**AIM OF THE EXERCISE:** Would you output the listing exactly, with every image omitted?

**COLLECTED DATA:**

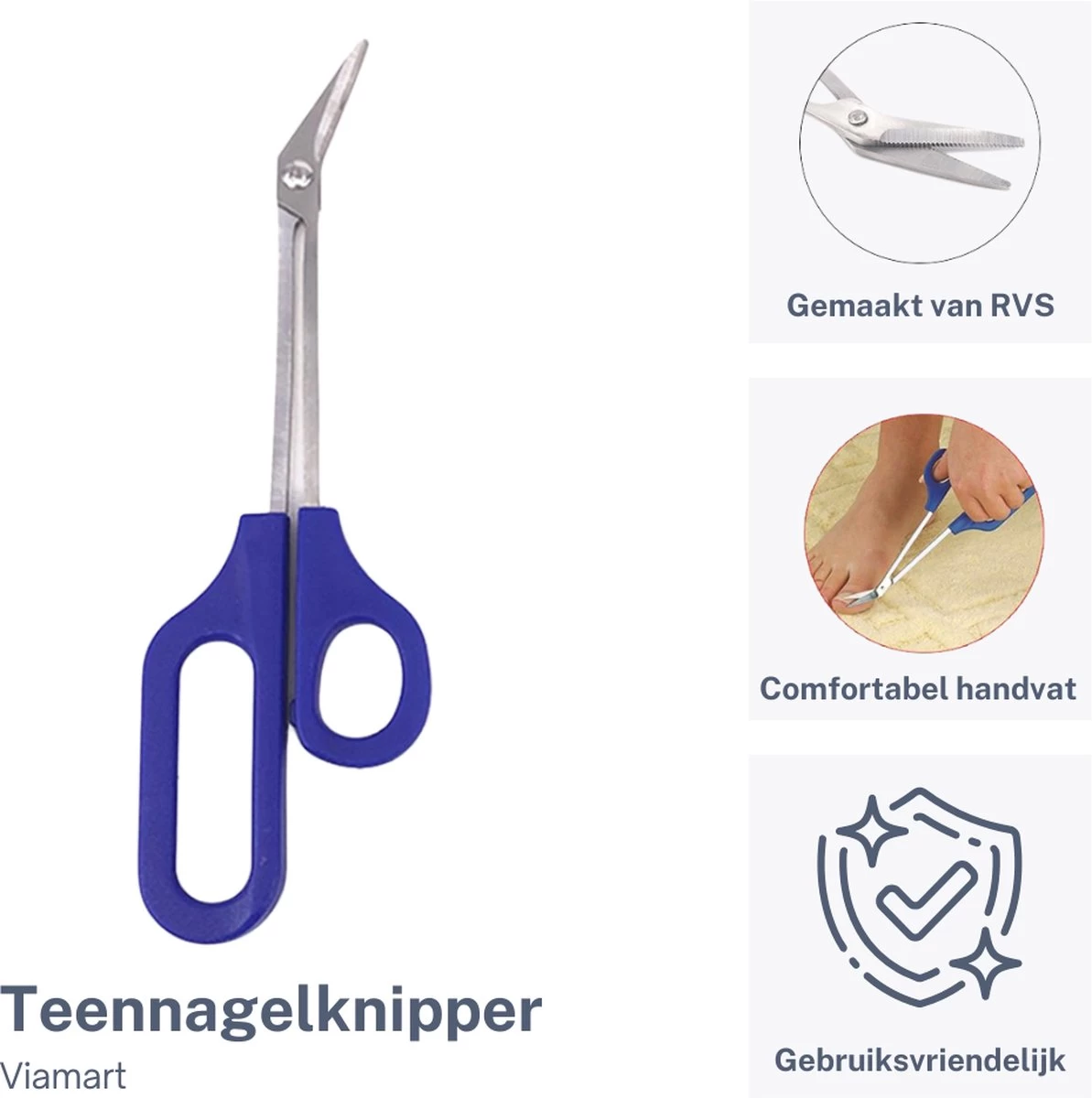 Met deze Viamart extra lange nagelschaar knip je eenvoudig en comfortabel jouw teennagels bij. De nagelschaar is gemaakt van verchroomd staal en plastic materiaal en is 21 centimeter lang, wat betekent dat je nooit meer hoeft te bukken om je teennagels te knippen.
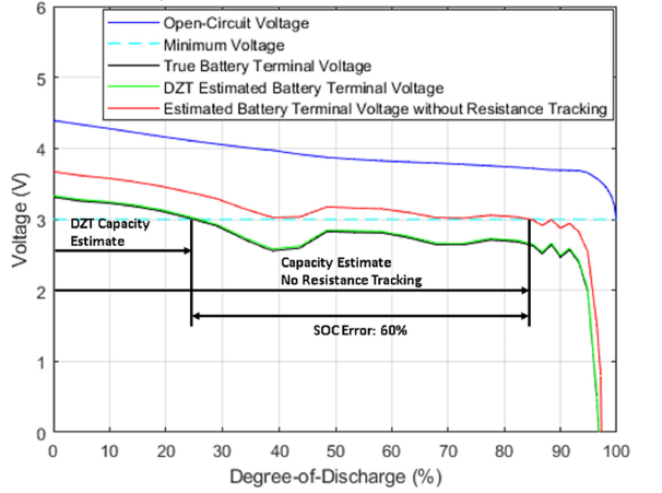 为了在电池的整个使用寿命期间提供超高精度的荷电状态计算,跟踪电阻至关重要。如图 5 所示,电池电芯的电阻随电池的循环和老化而线性增加,直到达到某个拐点,从该拐点开始,电阻将呈指数级增加,直到电池寿命结束。该电阻也会随温度变化而显著波动。电池电芯电阻与温度成反比关系,温度越低,电阻越高,电池在达到 0% 荷电状态之前可提供的容量或能量便越低。
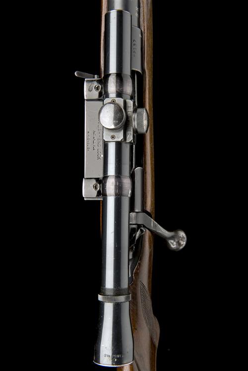 26in. nitro reproved barrel engraved 'MADE IN NEW HAVEN, CONN. U.S. OF AMERICA - WINCHESTER PROOF STEEL - WINCHESTER TRADE MARK - MODEL 70 - .300 MAGNUM', folding open sights, ramp-mounted bead fore-sight, the receiver side mounted with a Lyman Gun Sighting Corp. 'ALASKAN ALL WEATHER' 2 1/2 power telescopic sight, serial no. 44825, on a W.H. English 'ENGLISH END-LOCK' marked quickly-detachable rail, Pre-64 Winchester Model 70 action (serial number dates to approx. 1948), hinged floorplate with push button release, pistolgrip stock with sling eyes, 13 5/8in. pull including 1in. rubber recoil pad, weight 8lb. 7oz. (open sights) and 9lb. 4oz. (telescopic sight)
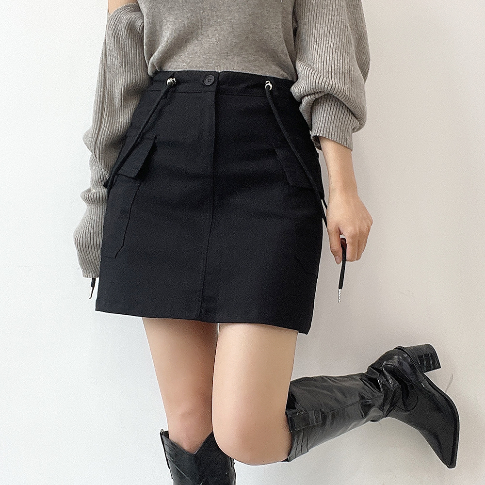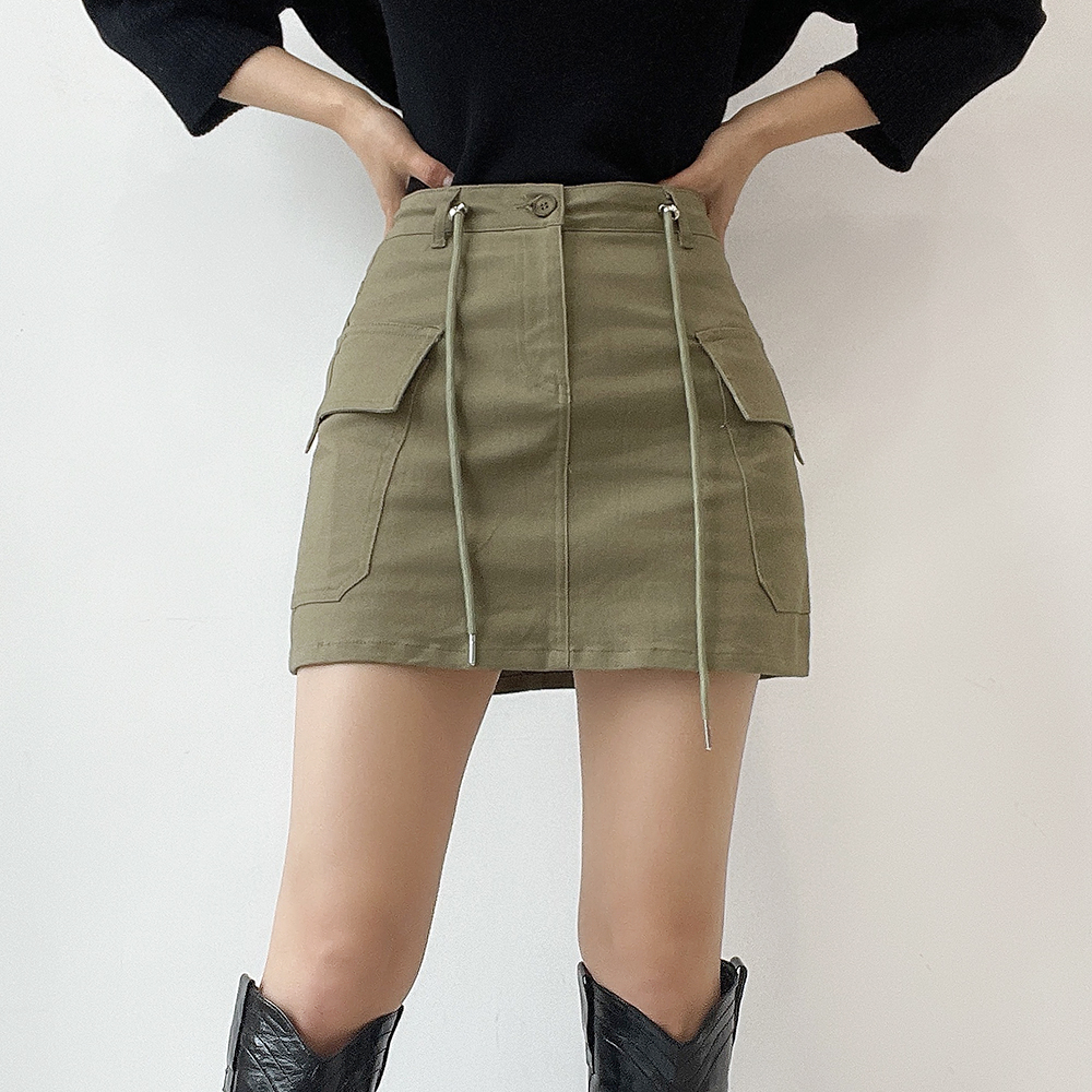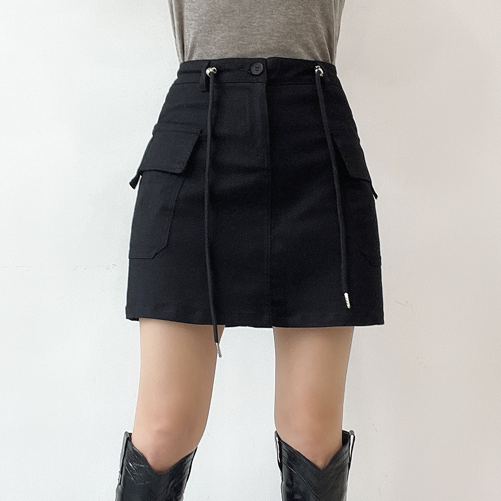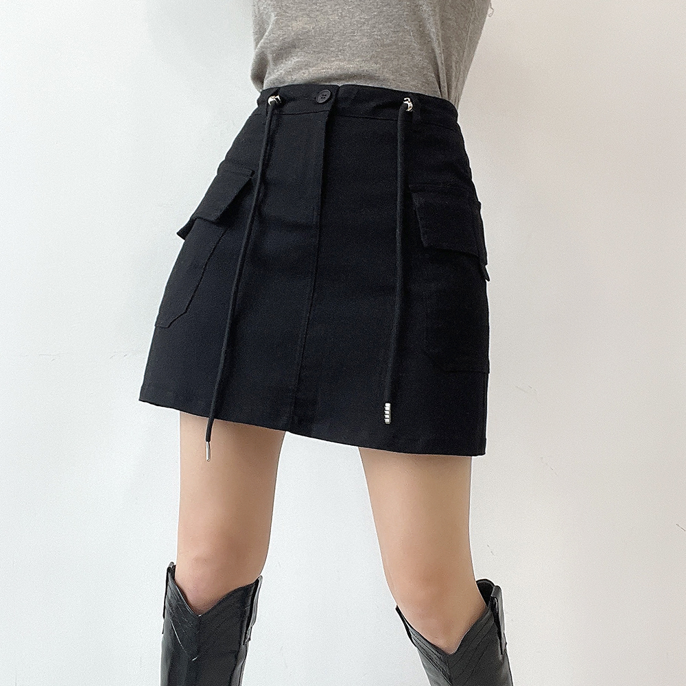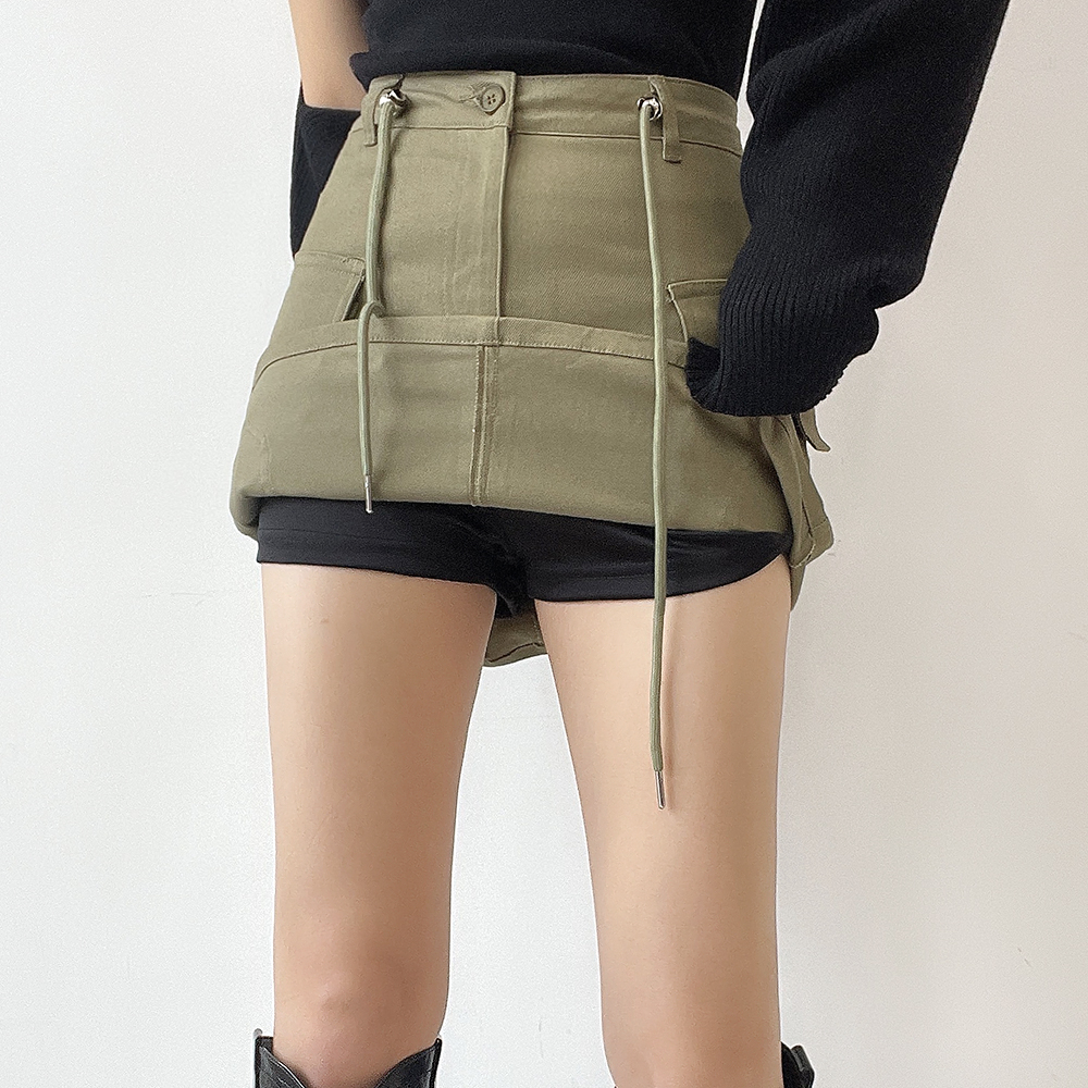 [~2XL/丈選択/パンツ型裏地] ウエストゴムストリングカーゴポケットミニスカート

**FINAL ANSWER:**
 Met deze Viamart extra lange nagelschaar knip je eenvoudig en comfortabel jouw teennagels bij. De nagelschaar is gemaakt van verchroomd staal en plastic materiaal en is 21 centimeter lang, wat betekent dat je nooit meer hoeft te bukken om je teennagels te knippen.
 为了在电池的整个使用寿命期间提供超高精度的荷电状态计算,跟踪电阻至关重要。如图 5 所示,电池电芯的电阻随电池的循环和老化而线性增加,直到达到某个拐点,从该拐点开始,电阻将呈指数级增加,直到电池寿命结束。该电阻也会随温度变化而显著波动。电池电芯电阻与温度成反比关系,温度越低,电阻越高,电池在达到 0% 荷电状态之前可提供的容量或能量便越低。
 26in. nitro reproved barrel engraved 'MADE IN NEW HAVEN, CONN. U.S. OF AMERICA - WINCHESTER PROOF STEEL - WINCHESTER TRADE MARK - MODEL 70 - .300 MAGNUM', folding open sights, ramp-mounted bead fore-sight, the receiver side mounted with a Lyman Gun Sighting Corp. 'ALASKAN ALL WEATHER' 2 1/2 power telescopic sight, serial no. 44825, on a W.H. English 'ENGLISH END-LOCK' marked quickly-detachable rail, Pre-64 Winchester Model 70 action (serial number dates to approx. 1948), hinged floorplate with push button release, pistolgrip stock with sling eyes, 13 5/8in. pull including 1in. rubber recoil pad, weight 8lb. 7oz. (open sights) and 9lb. 4oz. (telescopic sight)
 [~2XL/丈選択/パンツ型裏地] ウエストゴムストリングカーゴポケットミニスカート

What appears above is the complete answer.